— ACTIVITY —
Would you transcribe the entries below, beginning at the line with "万和 14L 双闭稳燃薄身隐装抑菌净…" and ending after the line with "Der Kurs ist", exactly, with no picture and nothing more?

— PROVIDED MATERIAL —
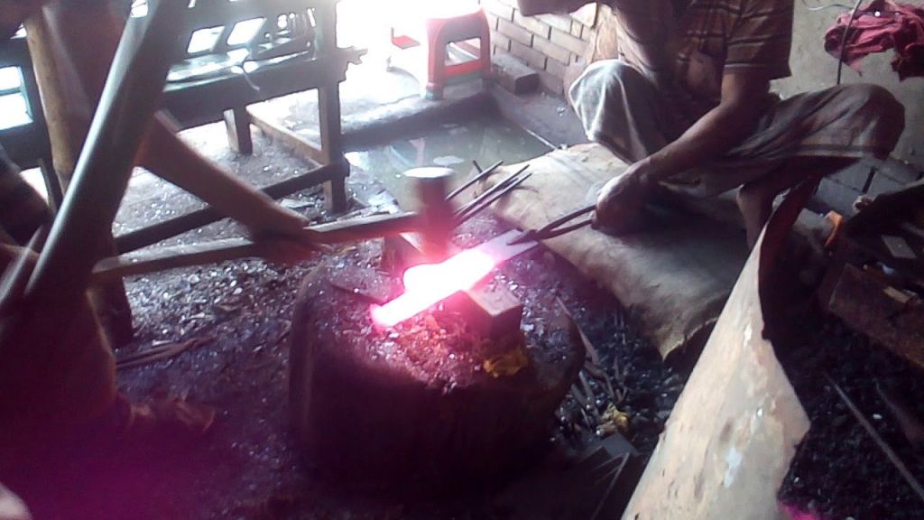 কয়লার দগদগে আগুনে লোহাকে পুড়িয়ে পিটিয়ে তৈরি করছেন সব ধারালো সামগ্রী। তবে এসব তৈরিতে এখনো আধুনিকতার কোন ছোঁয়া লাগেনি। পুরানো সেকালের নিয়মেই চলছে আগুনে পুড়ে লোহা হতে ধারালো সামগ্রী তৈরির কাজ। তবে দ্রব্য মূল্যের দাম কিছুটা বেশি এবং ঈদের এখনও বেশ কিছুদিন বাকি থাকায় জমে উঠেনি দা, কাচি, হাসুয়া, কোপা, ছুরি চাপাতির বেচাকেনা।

==

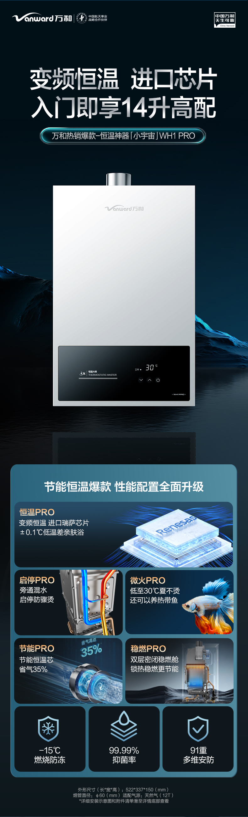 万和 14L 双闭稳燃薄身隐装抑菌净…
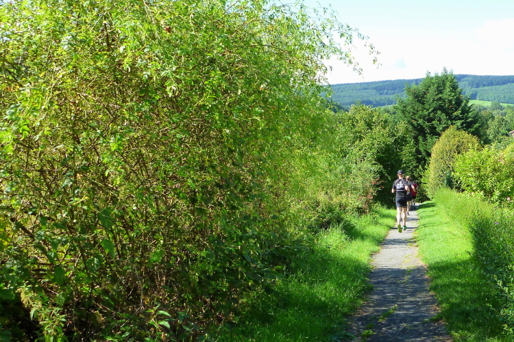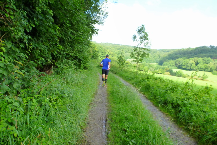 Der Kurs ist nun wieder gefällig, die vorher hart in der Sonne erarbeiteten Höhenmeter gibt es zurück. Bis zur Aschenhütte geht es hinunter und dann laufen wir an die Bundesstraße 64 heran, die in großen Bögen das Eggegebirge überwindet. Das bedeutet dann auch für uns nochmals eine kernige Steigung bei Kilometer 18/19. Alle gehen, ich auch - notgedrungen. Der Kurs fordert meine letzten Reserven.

— RESPONSE AREA —
 万和 14L 双闭稳燃薄身隐装抑菌净…
 Der Kurs ist nun wieder gefällig, die vorher hart in der Sonne erarbeiteten Höhenmeter gibt es zurück. Bis zur Aschenhütte geht es hinunter und dann laufen wir an die Bundesstraße 64 heran, die in großen Bögen das Eggegebirge überwindet. Das bedeutet dann auch für uns nochmals eine kernige Steigung bei Kilometer 18/19. Alle gehen, ich auch - notgedrungen. Der Kurs fordert meine letzten Reserven.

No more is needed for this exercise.